Direction C — Adopt MediaSource Extensions (MSE) and let the browser manage the buffer. Stop hand-rolling the decode→schedule graph for long tracks; feed the Range stream into a SourceBuffer and let the browser evict via its built-in quota + remove(). Memory management becomes the platform's problem. Why not — RESOLVED, rejected (Daniel, 2026-06-23; see OQ5): MSE does not accept raw WAV/PCM — it wants containerized formats (fragmented MP4/WebM, or MP3/AAC elementary streams). The entire bespoke visualizer/spectrum graph is wired to the Web Audio AudioContext, not a <media> element. Adopting MSE is a rewrite of the playback substrate, not a windowing change. It looked like the real long-term answer once compressed delivery arrived — but compressed delivery (Phase 18 Opus, now landed) feeds the same bespoke graph via the WebCodecs IStreamingDecoder seam (parallel to the WAV IFormatDecoder seam, both terminating at the shared PlaybackScheduler), so the compressed-delivery move that would have justified MSE happened without surrendering the graph. Notably, Phase 18 chose a WebCodecs AudioDecoder for Opus rather than decodeAudioData — which is itself the "use the platform codec, keep the bespoke graph" move, but at the decoder granularity, not the media-element granularity MSE would impose. The bespoke graph is a deliberate long-term commitment; MSE is rejected. Direction A is therefore the permanent destination, not a stopgap that MSE will retire. Recorded as considered-and-declined.

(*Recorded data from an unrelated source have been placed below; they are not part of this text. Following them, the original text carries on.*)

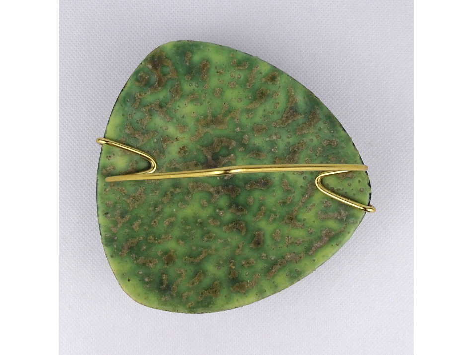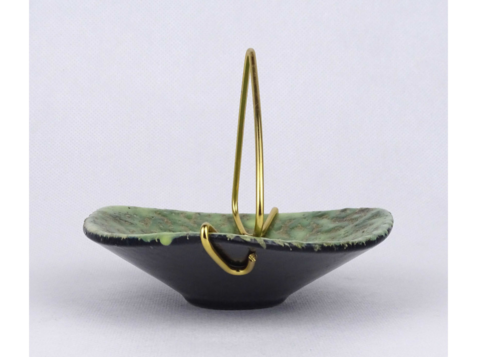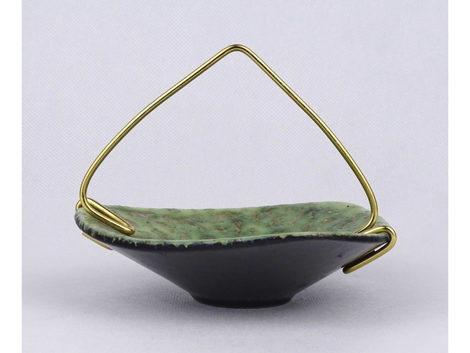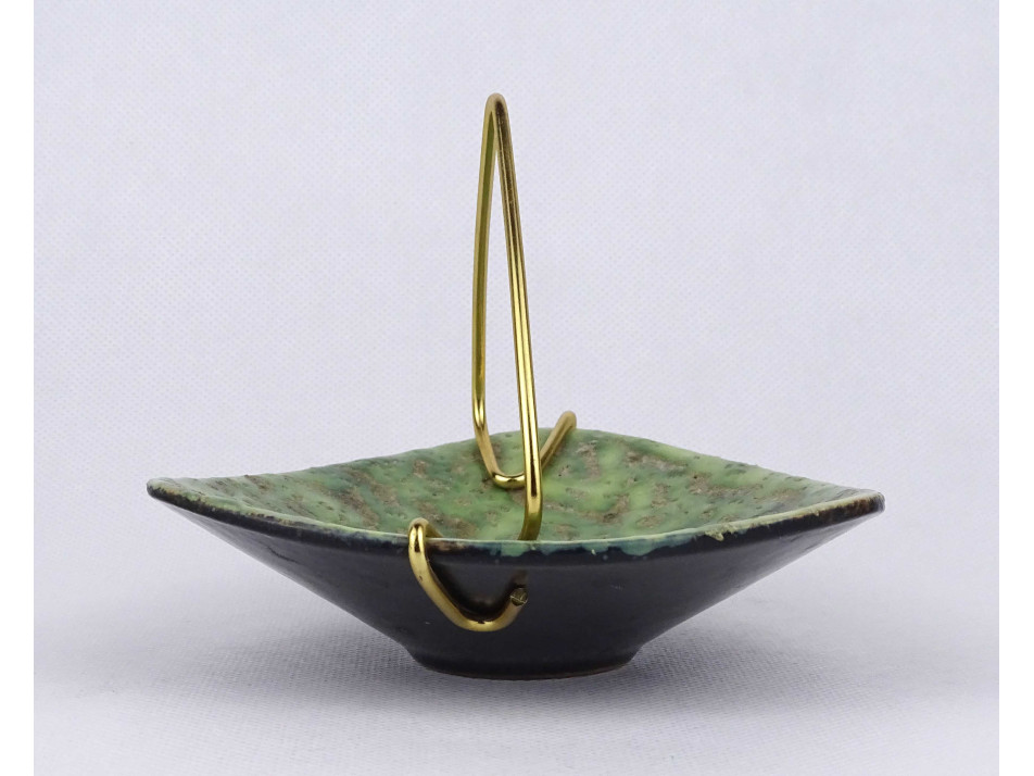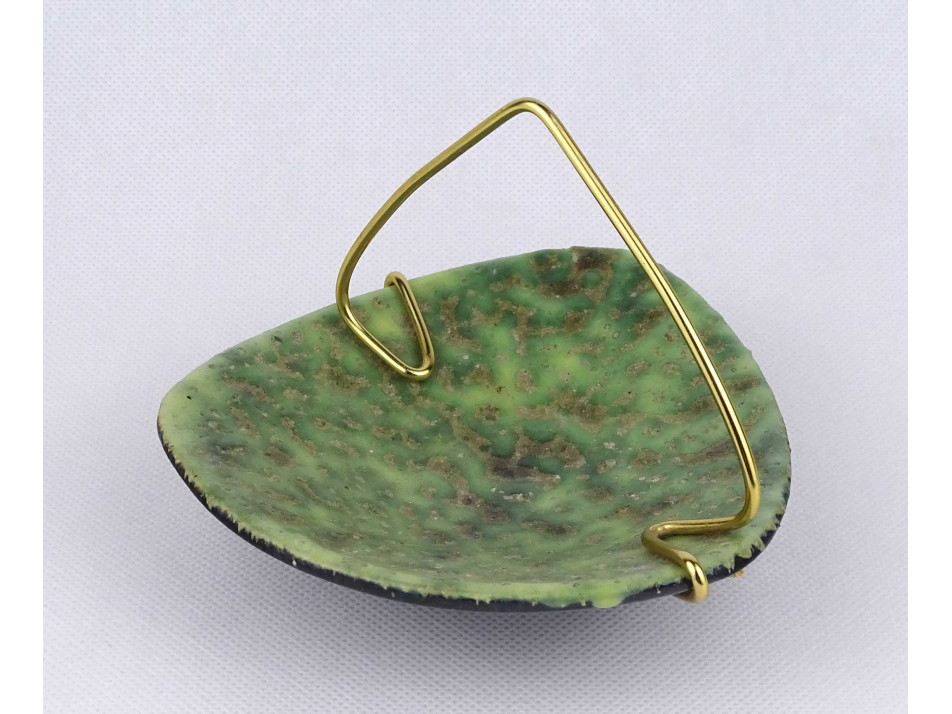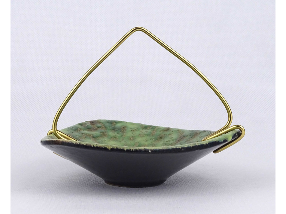 Retro háromszög alakú, réz fogantyús, zöld mázas kerámia tálka, kis tál
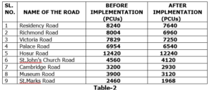 Traffic congestion was reduced by 20% – 25% in the central area in the morning and evening peak hours.  The density of the traffic on the following roads before and after the implementation is as follows.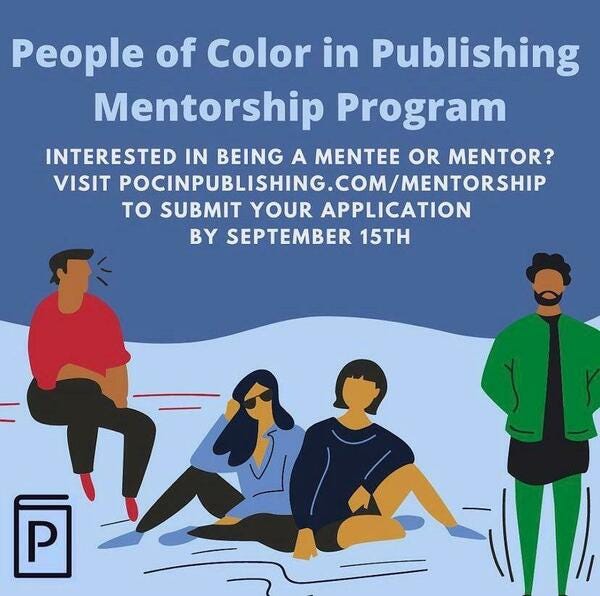 MT @PocPub Call For People Of Color In Publishing Mentorship Program. Interested In Being A Mentee Or Mentor? Submit Your Application by September 15th!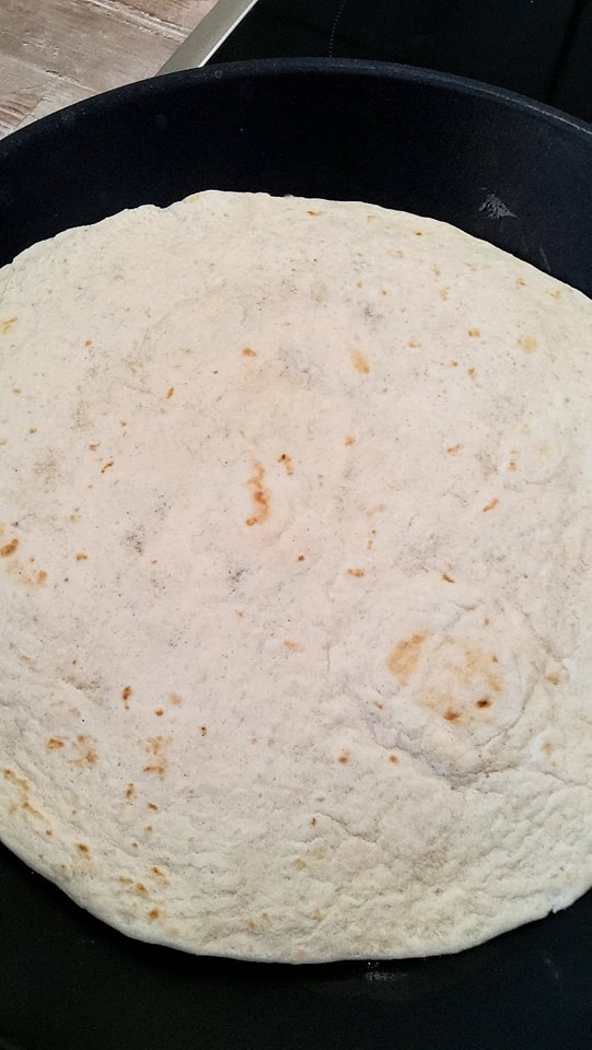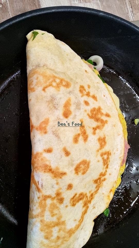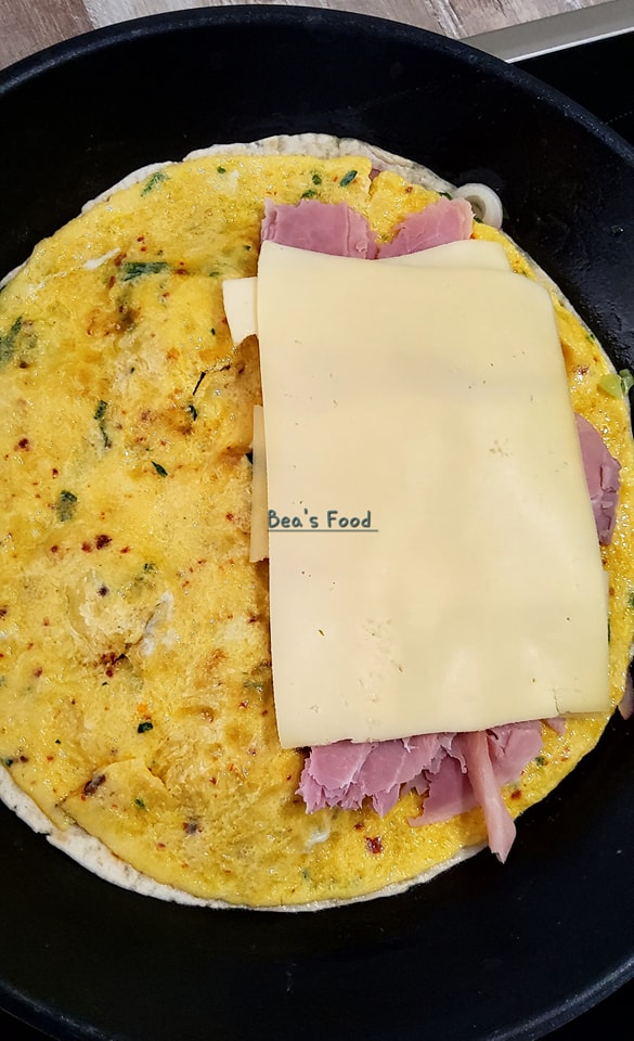 - Placez une tortilla sur l’omelette encore en cuisson, appuyez légèrement pour qu’elle adhère.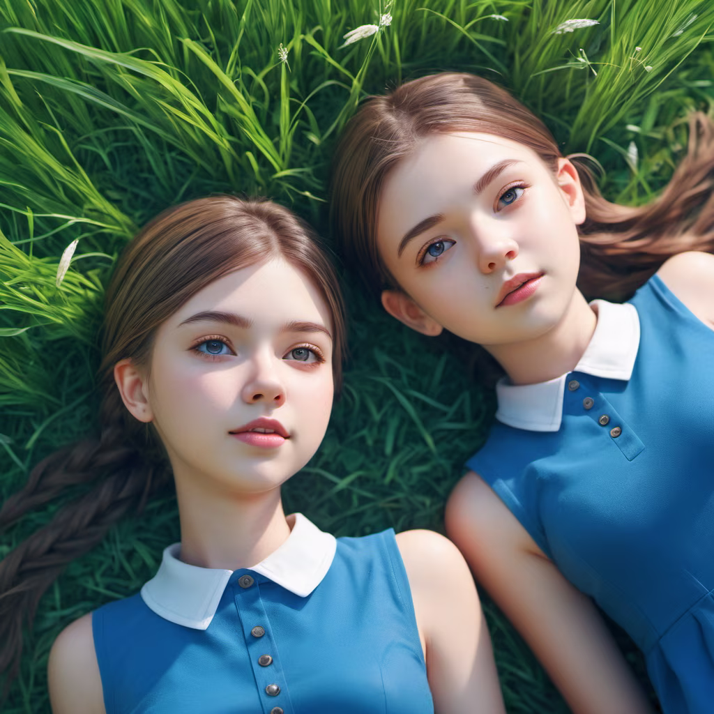 Prompt: Grass. Two bottles of drinks of the same size are lying on the grass. There are small flowers scattered around. Commercial photography. Top view. Central composition.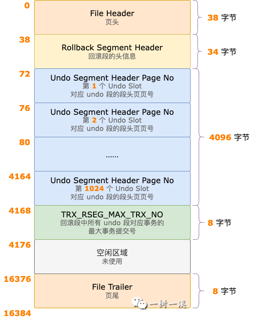 在概述小节,我们介绍过,每个回滚段中都有 1024 个 undo slot,可以统筹管理 1024 个 undo 段,这才是回滚段最重要的职责。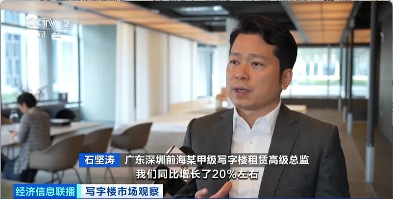 广东深圳前海某甲级写字楼租赁高级总监石坚涛:整体的租赁比去年第一季度增长了20%左右,一季度成交了1万多平方米。大约50%的成交是以科技类为主,大约30%是金融业,20%是专业服务业。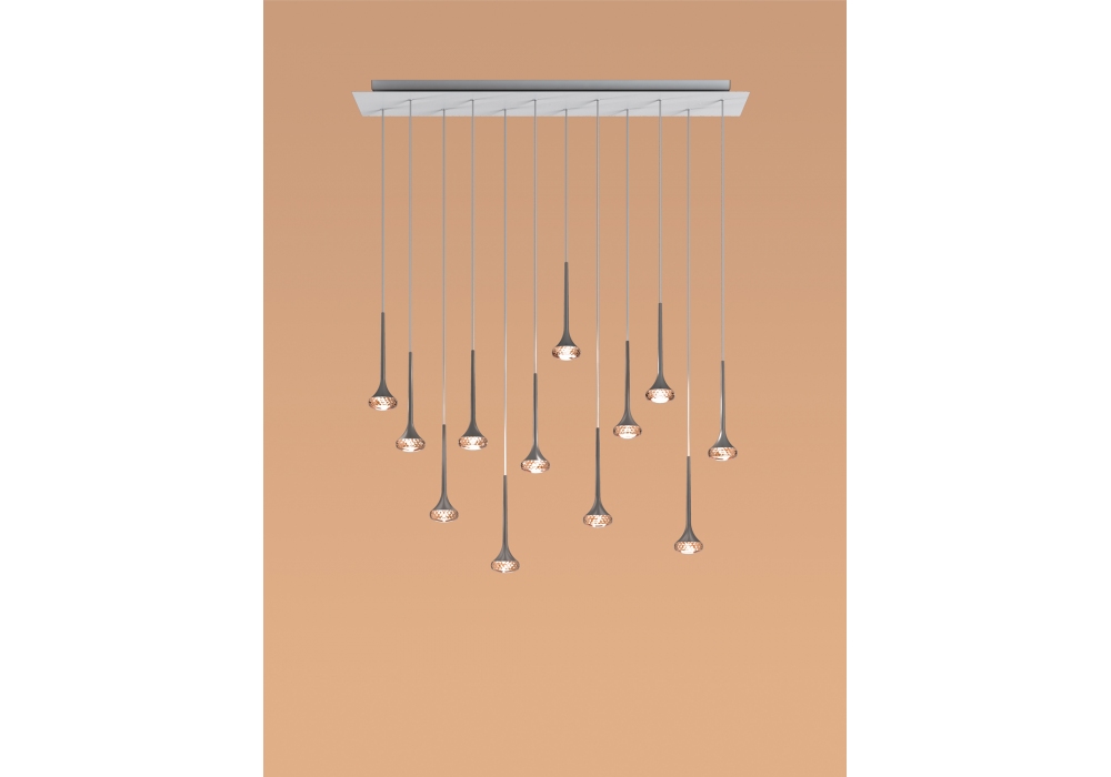 Fairy conçu par Manuel Vivian pour Axo Light est un lustre avec structure en métal et diffuseurs en cristal. Disponible en différentes finitions et tailles.
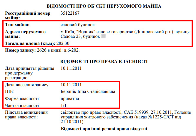 До маєтку додається ділянка на шість соток, отримана ще у 2009 році. Нині ця земля одноосібно належить судді Берднік.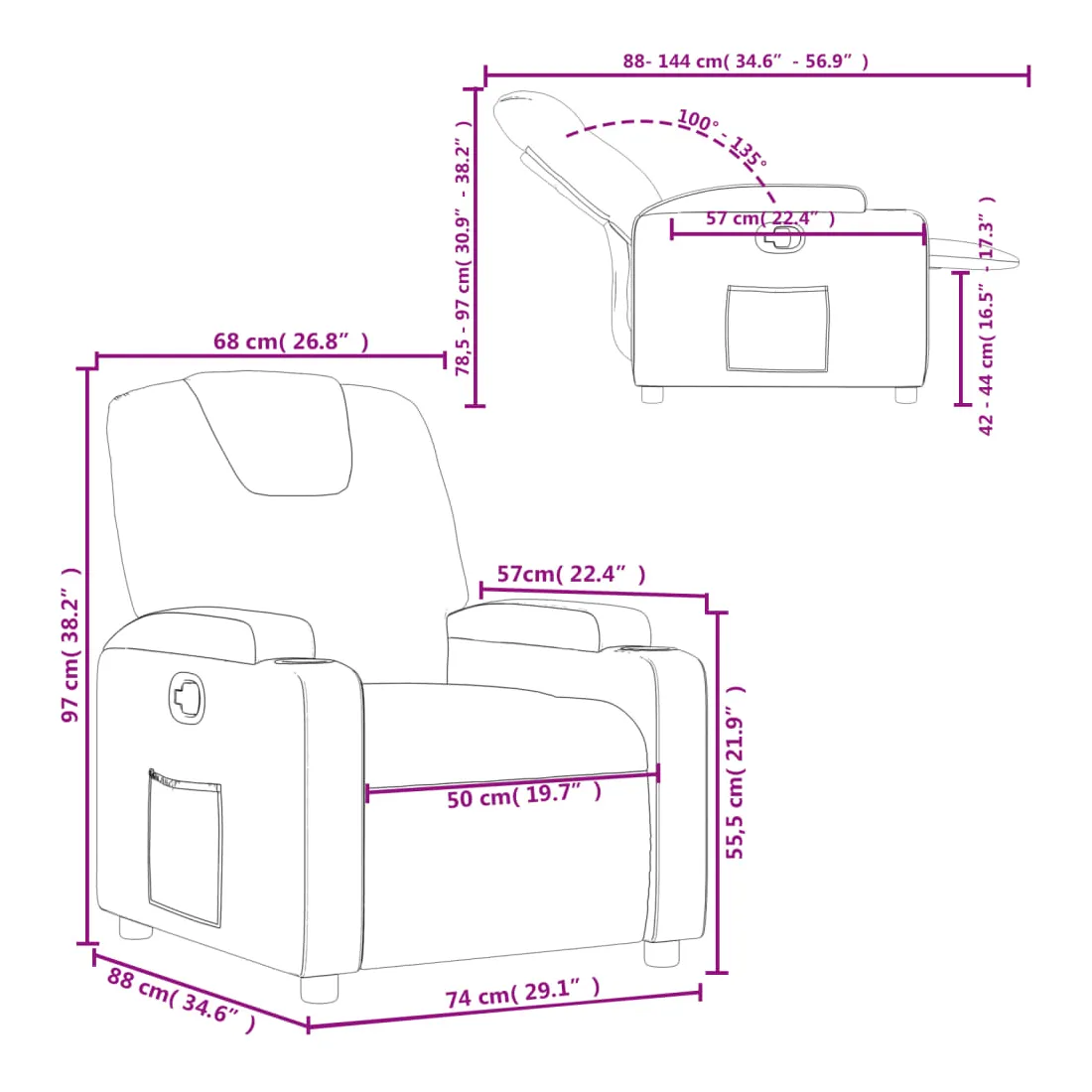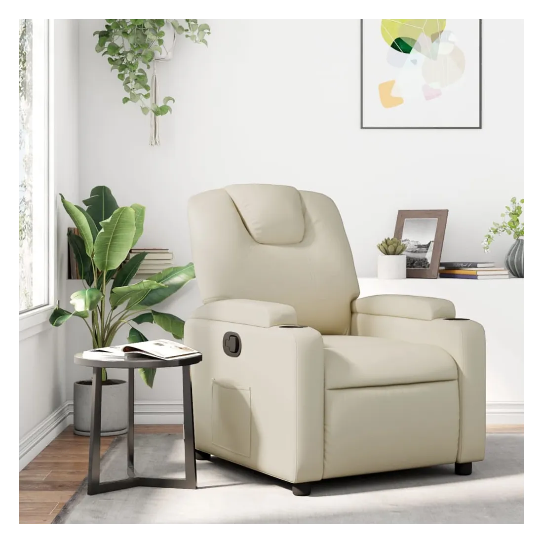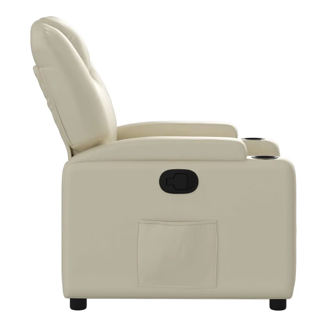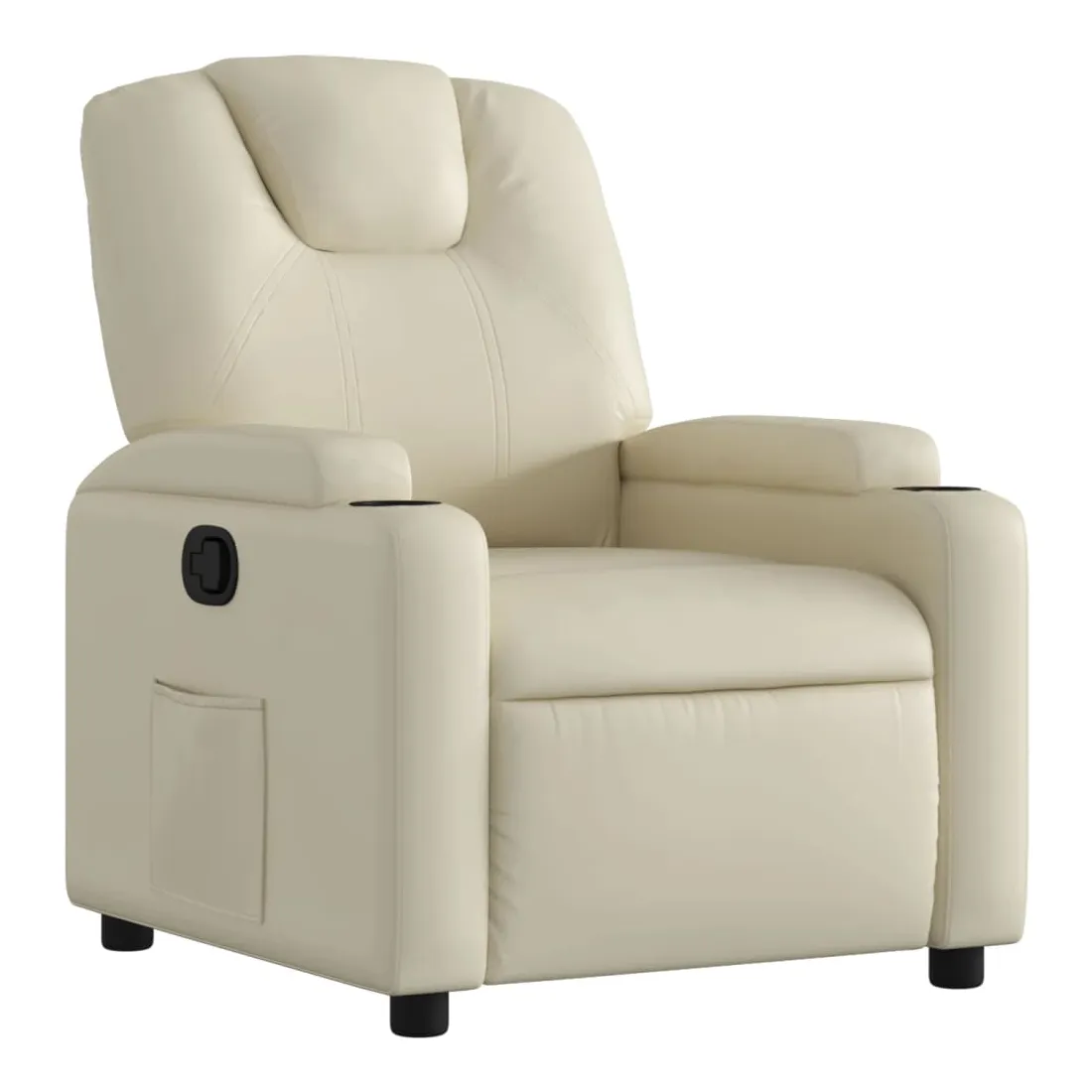 Asseyez-vous et laissez-vous emporter par ce fauteuil inclinable très confortable ! Fonction d'inclinaison manuelle : Ce fauteuil inclinable est doté d'un bouton sur le côté droit. Vous pouvez régler manuellement le repose-pieds et le dossier à n'importe quelle position selon votre confort en tirant simplement sur la poignée. Cette fonction permet une inclinaison maximale de 135 degrés. De plus, le dossier peut revenir rapidement à sa position initiale en tirant facilement sur la poignée.Expérience d'assise confortable : L'assise, le dossier et les larges accoudoirs épais et rembourrés, recouverts de similicuir, offrent une sensation de confort et vous enveloppent confortablement. Le similicuir est un matériau très durable. Il est résistant aux taches, ce qui le rend facile à nettoyer avec un chiffon humide. Sa surface lisse lui confère un aspect luxueux et la beauté du cuir véritable.Porte-gobelets pratiques et poche latérale : Ce fauteuil est doté de deux porte-gobelets pratiques pour vos boissons et d'une poche latérale pour garder vos essentiels à portée de main.Cadre solide et stable : Le cadre en bois et en métal offre une structure solide et stable. Ce fauteuil inclinable est confortable et durable.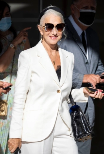 Классика черно-белого остается любимой модной опцией селебрити даже в Каннах. Аутфиты в этой гамме идеально смотрятся в рамках привычных деловых выходов в городе, но не менее интересно могут раскрыться в атмосфере высокой моды, которой известен Лазурный берег. Хелен Миррен — известная сторонница лаконичности в стиле, поэтому неудивительно, что в свой выходной гардероб, составленный специально для кинофестиваля, звезда включила брючную комбинацию в black&white. Хелен представила микс костюма с приталенным жакетом цвета слоновой кости, кружевного топа и черных туфель на небольшом каблуке. Аутфит завершили классическая кожаная сумка в тон обуви и солнцезащитные очки с декоративной отделкой.

Direction A is the smallest coherent change that hits the headline (bounded memory under a 1 GB stream) while honoring C1C7. It keeps the live forward stream, reuses each path's seek-beyond-buffer machinery for the only genuinely random-access case (seek-back past the retained tail), and isolates the new mechanisms (eviction shared; back-pressure per path). The final architecture and the exact eviction/back-pressure API are staff-engineer's call at implementation (per file convention); this spec fixes the shape and the invariants, not the method signatures.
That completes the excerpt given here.